Chroma plugin

The Chroma plugin provides indexer and retriever implementations that use the Chroma vector database in client/server mode.

Installation

npm i --save genkitx-chromadb

Configuration

To use this plugin, specify it when you initialize Genkit:

import { genkit } from 'genkit';
import { chroma } from 'genkitx-chromadb';

const ai = genkit({
  plugins: [
    chroma([
      {
        collectionName: 'bob_collection',
        embedder: textEmbedding004,
      },
    ]),
  ],
});

You must specify a Chroma collection and the embedding model you want to use.

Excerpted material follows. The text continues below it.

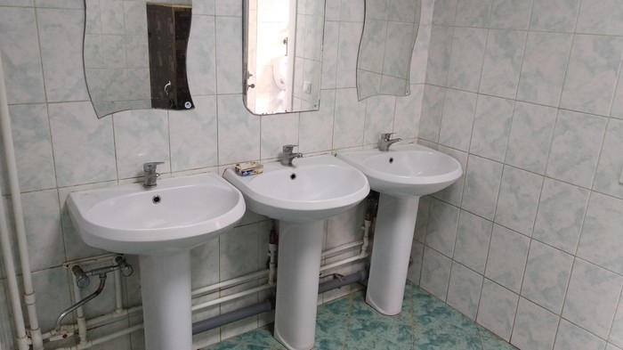 Примерно с год-полтора назад руководство решило улучшить быт трудяг, отремонтировали туалеты, умывальники, душевые, столовую.

In addition, there are two optional parameters:

  • clientParams: If you're not running your Chroma server on the same machine as your Genkit flow, you need to specify auth options, or you're otherwise not running a default Chroma server configuration, you can specify a Chroma ChromaClientParams object to pass to the Chroma client:

    clientParams: {
      path: "http://192.168.10.42:8000",
    }
    
  • embedderOptions: Use this parameter to pass options to the embedder:

    embedderOptions: { taskType: 'RETRIEVAL_DOCUMENT' },
    

Usage

Import retriever and indexer references like so:

import { chromaRetrieverRef } from 'genkitx-chromadb';
import { chromaIndexerRef } from 'genkitx-chromadb';

Then, use the references with ai.retrieve() and ai.index():

// To use the index you configured when you loaded the plugin:
let docs = await ai.retrieve({ retriever: chromaRetrieverRef, query });

// To specify an index:
export const bobFactsRetriever = chromaRetrieverRef({
  collectionName: 'bob-facts',
});
docs = await ai.retrieve({ retriever: bobFactsRetriever, query });
// To use the index you configured when you loaded the plugin:
await ai.index({ indexer: chromaIndexerRef, documents });

// To specify an index:
export const bobFactsIndexer = chromaIndexerRef({
  collectionName: 'bob-facts',
});
await ai.index({ indexer: bobFactsIndexer, documents });

See the Retrieval-augmented generation page for a general discussion on indexers and retrievers.